What to work on:
From the records below, set down exactly the lines starting with the line that contains "24일 투자분석 프로그램" and going on through the line that contains "کابل ACEFAST C21-03". Nothing else is wanted.

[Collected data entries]
>>>
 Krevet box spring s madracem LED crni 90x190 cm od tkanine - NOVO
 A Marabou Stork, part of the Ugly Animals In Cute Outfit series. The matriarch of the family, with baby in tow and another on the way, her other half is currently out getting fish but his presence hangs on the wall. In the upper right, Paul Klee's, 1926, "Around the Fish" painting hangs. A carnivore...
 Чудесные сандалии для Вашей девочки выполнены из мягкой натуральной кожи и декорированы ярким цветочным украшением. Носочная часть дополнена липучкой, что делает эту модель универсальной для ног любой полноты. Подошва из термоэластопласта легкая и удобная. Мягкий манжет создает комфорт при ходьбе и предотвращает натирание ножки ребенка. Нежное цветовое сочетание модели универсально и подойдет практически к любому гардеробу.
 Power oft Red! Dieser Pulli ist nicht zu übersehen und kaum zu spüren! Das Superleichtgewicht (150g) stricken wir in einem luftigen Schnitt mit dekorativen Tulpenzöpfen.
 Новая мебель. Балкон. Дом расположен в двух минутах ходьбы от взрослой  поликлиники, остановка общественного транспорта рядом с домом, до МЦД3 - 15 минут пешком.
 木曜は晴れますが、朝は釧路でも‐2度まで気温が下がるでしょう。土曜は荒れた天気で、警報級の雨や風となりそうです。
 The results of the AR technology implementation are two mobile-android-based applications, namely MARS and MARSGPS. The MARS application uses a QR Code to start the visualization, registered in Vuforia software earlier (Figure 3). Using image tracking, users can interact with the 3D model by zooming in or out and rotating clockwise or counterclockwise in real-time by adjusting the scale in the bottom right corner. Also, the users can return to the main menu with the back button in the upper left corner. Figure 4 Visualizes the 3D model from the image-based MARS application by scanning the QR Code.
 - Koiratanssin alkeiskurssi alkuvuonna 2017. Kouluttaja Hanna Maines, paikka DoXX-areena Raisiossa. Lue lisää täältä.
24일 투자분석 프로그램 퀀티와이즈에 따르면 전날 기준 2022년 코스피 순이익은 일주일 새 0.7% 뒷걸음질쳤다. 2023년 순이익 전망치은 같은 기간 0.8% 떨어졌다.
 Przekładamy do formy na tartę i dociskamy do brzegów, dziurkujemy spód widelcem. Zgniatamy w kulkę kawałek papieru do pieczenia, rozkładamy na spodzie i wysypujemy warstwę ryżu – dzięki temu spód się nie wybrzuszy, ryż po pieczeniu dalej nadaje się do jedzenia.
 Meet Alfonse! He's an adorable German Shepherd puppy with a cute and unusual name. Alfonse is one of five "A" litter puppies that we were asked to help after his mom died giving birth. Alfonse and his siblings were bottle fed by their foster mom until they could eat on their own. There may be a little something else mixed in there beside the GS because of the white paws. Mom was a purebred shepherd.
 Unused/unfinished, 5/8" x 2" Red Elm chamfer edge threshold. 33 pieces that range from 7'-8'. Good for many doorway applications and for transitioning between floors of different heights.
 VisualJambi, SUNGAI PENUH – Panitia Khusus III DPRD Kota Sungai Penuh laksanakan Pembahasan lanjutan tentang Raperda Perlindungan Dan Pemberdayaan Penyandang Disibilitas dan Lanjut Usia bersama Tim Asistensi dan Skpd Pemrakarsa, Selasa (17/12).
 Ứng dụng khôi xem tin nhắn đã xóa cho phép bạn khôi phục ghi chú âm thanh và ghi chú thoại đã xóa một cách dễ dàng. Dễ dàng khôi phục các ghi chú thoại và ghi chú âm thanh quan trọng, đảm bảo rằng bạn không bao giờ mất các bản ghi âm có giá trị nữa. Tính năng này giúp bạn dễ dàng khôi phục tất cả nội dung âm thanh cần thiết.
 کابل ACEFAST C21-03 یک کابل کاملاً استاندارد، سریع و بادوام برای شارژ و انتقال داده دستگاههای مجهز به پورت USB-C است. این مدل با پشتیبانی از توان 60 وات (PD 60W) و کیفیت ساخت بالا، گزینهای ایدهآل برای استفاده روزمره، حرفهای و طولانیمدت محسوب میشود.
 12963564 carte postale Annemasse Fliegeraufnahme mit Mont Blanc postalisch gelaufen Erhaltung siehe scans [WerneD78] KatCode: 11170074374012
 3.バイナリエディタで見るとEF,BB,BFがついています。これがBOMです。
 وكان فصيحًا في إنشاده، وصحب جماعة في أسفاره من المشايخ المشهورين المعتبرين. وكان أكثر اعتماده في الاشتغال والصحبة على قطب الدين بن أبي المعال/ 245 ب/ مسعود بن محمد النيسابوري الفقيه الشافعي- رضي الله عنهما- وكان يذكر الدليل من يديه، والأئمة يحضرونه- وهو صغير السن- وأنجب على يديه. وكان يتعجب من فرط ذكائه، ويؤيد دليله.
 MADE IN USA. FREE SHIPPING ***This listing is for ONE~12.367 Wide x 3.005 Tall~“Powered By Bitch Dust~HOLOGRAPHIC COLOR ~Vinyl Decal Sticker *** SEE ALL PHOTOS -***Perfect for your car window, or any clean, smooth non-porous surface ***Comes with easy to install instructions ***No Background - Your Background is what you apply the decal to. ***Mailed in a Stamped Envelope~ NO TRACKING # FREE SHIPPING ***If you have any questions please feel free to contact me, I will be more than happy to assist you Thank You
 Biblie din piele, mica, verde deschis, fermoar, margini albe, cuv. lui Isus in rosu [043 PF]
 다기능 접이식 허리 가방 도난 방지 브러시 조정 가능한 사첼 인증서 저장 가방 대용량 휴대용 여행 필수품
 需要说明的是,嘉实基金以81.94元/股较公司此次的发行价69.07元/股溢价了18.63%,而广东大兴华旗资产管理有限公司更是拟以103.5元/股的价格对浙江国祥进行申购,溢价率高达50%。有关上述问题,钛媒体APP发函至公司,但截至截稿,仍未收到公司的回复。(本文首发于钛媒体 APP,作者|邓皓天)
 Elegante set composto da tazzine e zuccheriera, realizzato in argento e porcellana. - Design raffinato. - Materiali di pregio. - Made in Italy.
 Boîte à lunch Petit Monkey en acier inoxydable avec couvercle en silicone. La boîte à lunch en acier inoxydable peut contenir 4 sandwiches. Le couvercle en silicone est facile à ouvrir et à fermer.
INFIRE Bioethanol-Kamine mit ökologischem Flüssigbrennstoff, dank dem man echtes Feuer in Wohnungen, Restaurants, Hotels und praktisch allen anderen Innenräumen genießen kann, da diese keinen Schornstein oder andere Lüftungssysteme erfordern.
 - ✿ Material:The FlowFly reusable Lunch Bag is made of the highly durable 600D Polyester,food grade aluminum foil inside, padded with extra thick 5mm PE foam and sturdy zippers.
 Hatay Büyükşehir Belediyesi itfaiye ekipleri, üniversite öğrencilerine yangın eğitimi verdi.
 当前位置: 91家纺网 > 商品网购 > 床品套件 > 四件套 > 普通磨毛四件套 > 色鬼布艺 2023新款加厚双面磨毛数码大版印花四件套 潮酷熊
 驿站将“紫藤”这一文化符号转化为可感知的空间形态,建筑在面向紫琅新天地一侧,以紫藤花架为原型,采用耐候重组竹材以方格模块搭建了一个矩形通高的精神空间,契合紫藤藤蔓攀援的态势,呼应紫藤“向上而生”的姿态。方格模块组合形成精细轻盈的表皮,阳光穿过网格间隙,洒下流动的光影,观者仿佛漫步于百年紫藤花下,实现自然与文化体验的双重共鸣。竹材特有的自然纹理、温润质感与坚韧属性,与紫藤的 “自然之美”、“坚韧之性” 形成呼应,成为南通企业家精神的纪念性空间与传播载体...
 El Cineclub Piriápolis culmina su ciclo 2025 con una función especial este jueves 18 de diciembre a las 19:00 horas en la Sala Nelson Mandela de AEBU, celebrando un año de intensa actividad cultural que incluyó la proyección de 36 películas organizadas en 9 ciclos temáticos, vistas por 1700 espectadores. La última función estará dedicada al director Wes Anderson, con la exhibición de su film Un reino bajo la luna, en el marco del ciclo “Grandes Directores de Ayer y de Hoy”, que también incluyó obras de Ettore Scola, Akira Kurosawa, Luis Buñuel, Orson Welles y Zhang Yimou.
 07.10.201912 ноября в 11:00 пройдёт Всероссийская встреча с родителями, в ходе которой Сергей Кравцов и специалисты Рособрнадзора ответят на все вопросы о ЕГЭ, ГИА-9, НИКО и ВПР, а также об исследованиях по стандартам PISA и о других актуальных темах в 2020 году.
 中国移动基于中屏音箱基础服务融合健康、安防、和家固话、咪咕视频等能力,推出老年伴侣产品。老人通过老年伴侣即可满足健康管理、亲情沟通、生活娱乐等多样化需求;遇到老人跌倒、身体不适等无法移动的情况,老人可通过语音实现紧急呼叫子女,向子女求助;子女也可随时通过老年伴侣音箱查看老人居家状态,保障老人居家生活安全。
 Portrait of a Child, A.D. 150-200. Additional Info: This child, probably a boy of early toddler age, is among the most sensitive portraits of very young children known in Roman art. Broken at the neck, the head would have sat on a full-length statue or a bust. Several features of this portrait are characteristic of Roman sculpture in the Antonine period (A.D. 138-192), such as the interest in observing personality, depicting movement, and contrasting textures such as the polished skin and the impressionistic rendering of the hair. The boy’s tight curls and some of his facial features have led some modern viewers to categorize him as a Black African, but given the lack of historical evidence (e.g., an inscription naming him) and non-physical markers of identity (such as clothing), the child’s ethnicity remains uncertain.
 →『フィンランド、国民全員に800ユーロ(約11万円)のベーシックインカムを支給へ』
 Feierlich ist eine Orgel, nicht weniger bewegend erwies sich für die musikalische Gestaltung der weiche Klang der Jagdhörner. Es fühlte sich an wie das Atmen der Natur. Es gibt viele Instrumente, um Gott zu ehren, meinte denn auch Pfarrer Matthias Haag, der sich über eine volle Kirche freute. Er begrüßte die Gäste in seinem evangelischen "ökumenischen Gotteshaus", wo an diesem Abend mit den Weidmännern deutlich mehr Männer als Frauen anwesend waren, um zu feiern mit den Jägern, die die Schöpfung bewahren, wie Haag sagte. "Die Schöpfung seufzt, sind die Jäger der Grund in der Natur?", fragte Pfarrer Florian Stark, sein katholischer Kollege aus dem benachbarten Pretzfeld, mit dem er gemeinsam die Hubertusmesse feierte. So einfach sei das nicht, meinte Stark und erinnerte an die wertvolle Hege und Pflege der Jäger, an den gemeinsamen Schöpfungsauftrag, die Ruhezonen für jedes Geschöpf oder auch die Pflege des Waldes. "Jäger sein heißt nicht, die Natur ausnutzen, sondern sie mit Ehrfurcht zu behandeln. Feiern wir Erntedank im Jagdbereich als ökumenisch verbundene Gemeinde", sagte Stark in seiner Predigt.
<<<
Solution:
24일 투자분석 프로그램 퀀티와이즈에 따르면 전날 기준 2022년 코스피 순이익은 일주일 새 0.7% 뒷걸음질쳤다. 2023년 순이익 전망치은 같은 기간 0.8% 떨어졌다.
 Przekładamy do formy na tartę i dociskamy do brzegów, dziurkujemy spód widelcem. Zgniatamy w kulkę kawałek papieru do pieczenia, rozkładamy na spodzie i wysypujemy warstwę ryżu – dzięki temu spód się nie wybrzuszy, ryż po pieczeniu dalej nadaje się do jedzenia.
 Meet Alfonse! He's an adorable German Shepherd puppy with a cute and unusual name. Alfonse is one of five "A" litter puppies that we were asked to help after his mom died giving birth. Alfonse and his siblings were bottle fed by their foster mom until they could eat on their own. There may be a little something else mixed in there beside the GS because of the white paws. Mom was a purebred shepherd.
 Unused/unfinished, 5/8" x 2" Red Elm chamfer edge threshold. 33 pieces that range from 7'-8'. Good for many doorway applications and for transitioning between floors of different heights.
 VisualJambi, SUNGAI PENUH – Panitia Khusus III DPRD Kota Sungai Penuh laksanakan Pembahasan lanjutan tentang Raperda Perlindungan Dan Pemberdayaan Penyandang Disibilitas dan Lanjut Usia bersama Tim Asistensi dan Skpd Pemrakarsa, Selasa (17/12).
 Ứng dụng khôi xem tin nhắn đã xóa cho phép bạn khôi phục ghi chú âm thanh và ghi chú thoại đã xóa một cách dễ dàng. Dễ dàng khôi phục các ghi chú thoại và ghi chú âm thanh quan trọng, đảm bảo rằng bạn không bao giờ mất các bản ghi âm có giá trị nữa. Tính năng này giúp bạn dễ dàng khôi phục tất cả nội dung âm thanh cần thiết.
 کابل ACEFAST C21-03 یک کابل کاملاً استاندارد، سریع و بادوام برای شارژ و انتقال داده دستگاههای مجهز به پورت USB-C است. این مدل با پشتیبانی از توان 60 وات (PD 60W) و کیفیت ساخت بالا، گزینهای ایدهآل برای استفاده روزمره، حرفهای و طولانیمدت محسوب میشود.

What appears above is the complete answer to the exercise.